From 1914 to 1924, Henry Ford, Thomas Edison, Harvey Firestone, and nature writer John Burroughs took off every summer to "rough it" (shaving was forbidden), camp on the roadside, and visit the country's most beautiful places by automobile, creating a media sensation and kicking off the tradition of the Great American Road Trip.

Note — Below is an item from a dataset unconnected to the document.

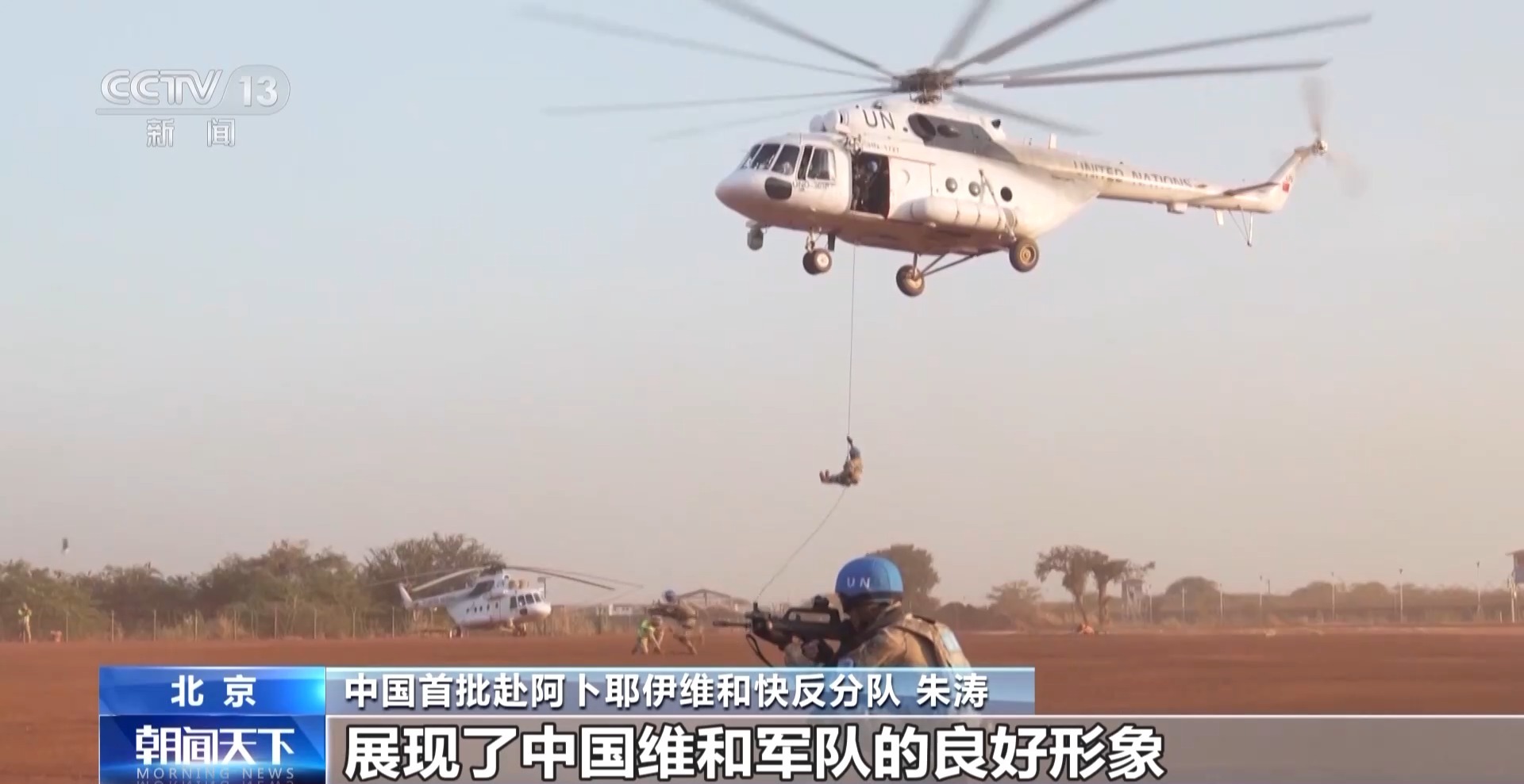 中國首批赴阿卜耶伊維和快反分隊 朱濤:任務中,我們積極履行授權職責,全體維和官兵齊心協力、不畏艱險,高標準完成好每一項維和任務,為助力地區和平穩定、維護世界和平貢獻了力量,展現了中國維和軍隊的良好形象。

Of course, "roughing it" is a little different when you're a famous and wealthy inventor:
"Edison’s mobile electric generator kept their campsites fully illuminated, and the men slept in personal tents embossed with their names. They traveled in a convoy of chauffeured Ford automobiles with an entourage of cooks and attendants. Among the 50-vehicle caravan on the 1919 camping trip was a specially designed kitchen car, which Burroughs called a “Waldorf-Astoria on wheels,” that featured a gasoline stove and a built-in refrigerator that stored everything from fresh eggs to rib-eye steaks. Inside the spacious dining tent, jacketed waiters placed bowls of food and pitchers of beverages on the lazy Susan that spun around the enormous round camp table capable of seating 20 people."
The Henry Ford (museum)
Film footage 1, Film footage 2
Flickr set
Full 1918 album with photos, maps, and Burrough's text
posted by Eyebrows McGee (31 comments total) 33 users marked this as a favorite
 
The Aztecs Invented the Vacation!
posted by tommasz at 11:49 AM on January 26, 2016


Edison....the ultimate glamper.
posted by triage_lazarus at 11:53 AM on January 26, 2016 [7 favorites]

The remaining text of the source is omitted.